Let $\left({z_n}\right)$ be a sequence of distinct points in $D\left(0,1\right)$=$\{{z \in \mathbb{C} :\vert{z}\vert \lt{1}} \}$ with $\lim_{n\to\mathbb{\infty}} {z_n}=0$. Consider the following statements P and Q.
P: There exists a unique analytic function $f$ on $D\left(0,1\right)$ such that $f\left({z_n}\right)=\sin\left({z_n}\right)$ for all $n $.
Q: There exists an analytic function $f$ on $D\left(0,1\right)$ such that $f\left({z_n}\right)=0$, if $n$ is even and $f\left({z_n}\right)=1$, if $n$ is odd.
Which of the above statements hold true?
For P : I know that if two functions agree on convergent sequence in domain then they agree on whole domain.

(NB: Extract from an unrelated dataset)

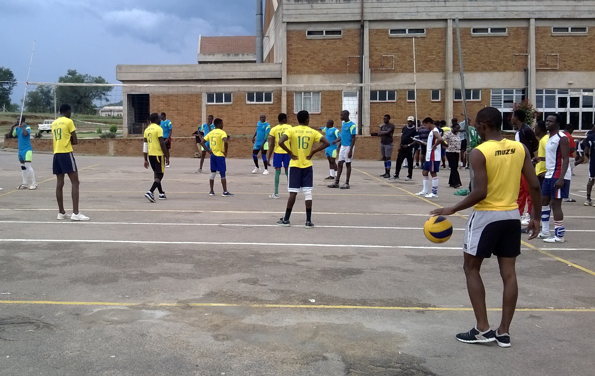 JM

Let ${z_n}=\frac{1}{n+1}$ then $\lim_{x\to \infty}{z_n}=0$ and $\lim_{x\to \infty} f(z_n)=\sin(z_n)=0$ so what I can conclude here?

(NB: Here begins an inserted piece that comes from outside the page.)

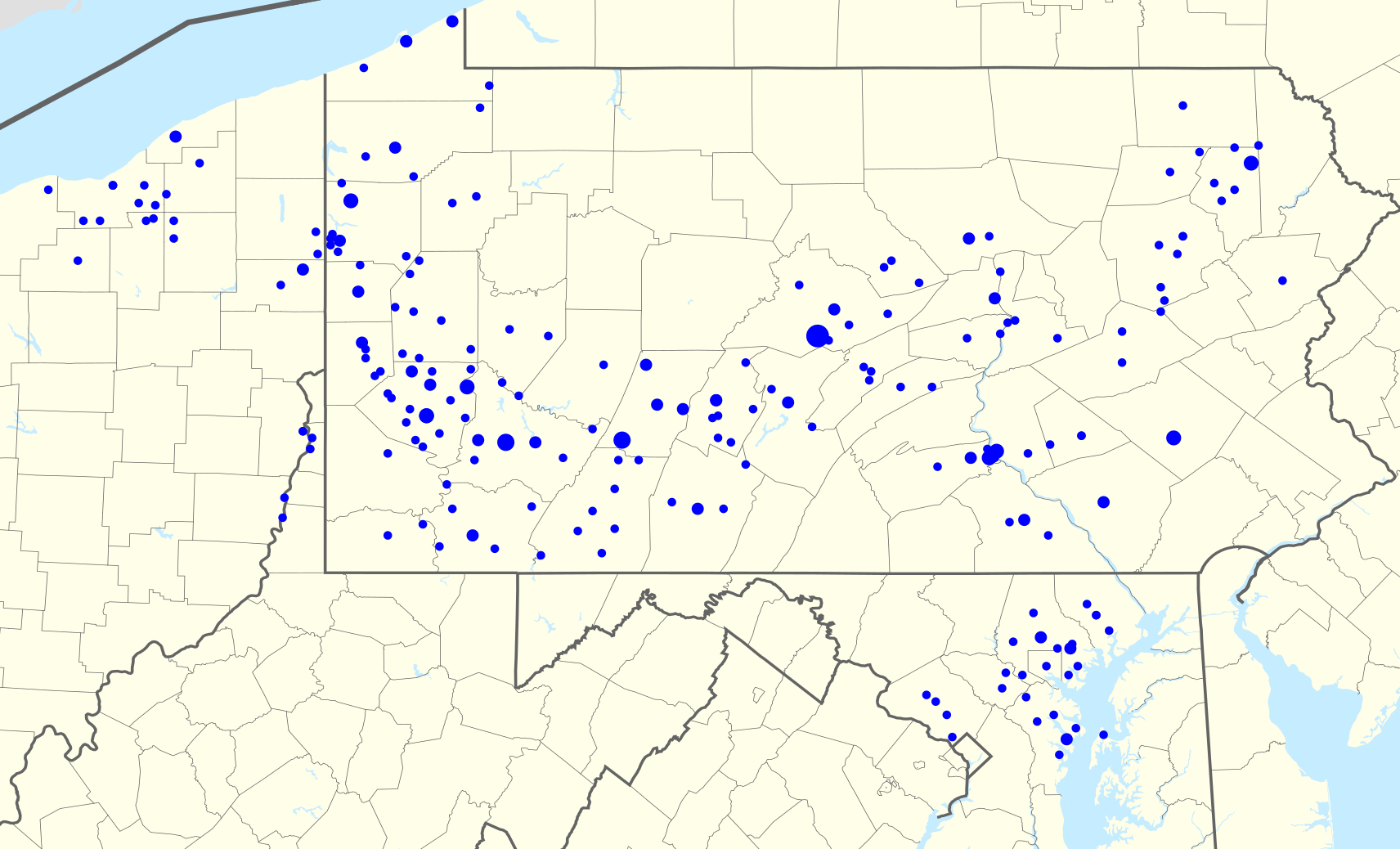 Footprint of FNB Corporation as of June 2011. Cities with more than one branch have progressively larger points.

For Q : I think this function is not continuous hence not analytic. But I am not getting how to prove it is not continuous?
Hint 1: The analytic functions $f$ and $\sin(z)$ coincide along the given converging sequence $(z_n)_n$.

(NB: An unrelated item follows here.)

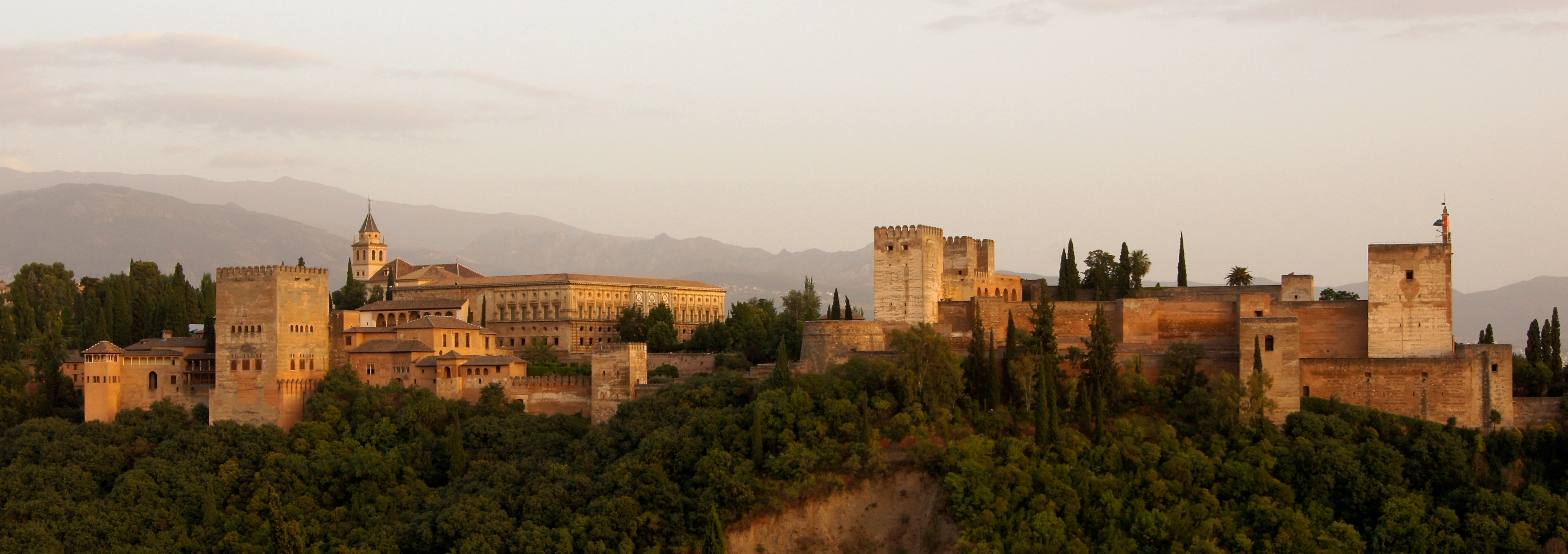 The Alhambra (The Red) in the evening light, Granada, Spain. View from mirador San Nicolas.

Hint 2. If $f$ is continuous at $0$ then for any sequence $(z_n)_n$ such that $z_n\to 0$ we have that $f(z_n)\to f(0)$. Consider the sequences $(z_{2n})_n$ and $(z_{2n+1})_n$ which converge to $0$. What are the limits $$\lim_{n\to\infty}f(z_{2n})=?\qquad,\qquad \lim_{n\to\infty}f(z_{2n+1})=?$$ What may we conclude about the value of $f$ at $0$?